--- Work to complete ---
Begin at the line containing "WESTERN LEDGE STAK* Morgan S4935-7" in the entries below and end at the line containing "This declaration was"; transcribe that range exactly and nothing outside it.

--- Records for processing ---
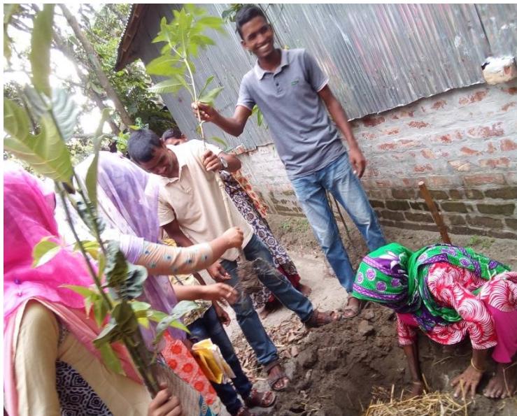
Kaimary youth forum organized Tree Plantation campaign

---

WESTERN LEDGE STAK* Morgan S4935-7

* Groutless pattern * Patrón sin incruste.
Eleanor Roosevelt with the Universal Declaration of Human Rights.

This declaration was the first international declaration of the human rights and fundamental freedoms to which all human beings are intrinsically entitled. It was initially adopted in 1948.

--- Solution for this task ---
WESTERN LEDGE STAK* Morgan S4935-7

* Groutless pattern * Patrón sin incruste.
Eleanor Roosevelt with the Universal Declaration of Human Rights.

This declaration was the first international declaration of the human rights and fundamental freedoms to which all human beings are intrinsically entitled. It was initially adopted in 1948.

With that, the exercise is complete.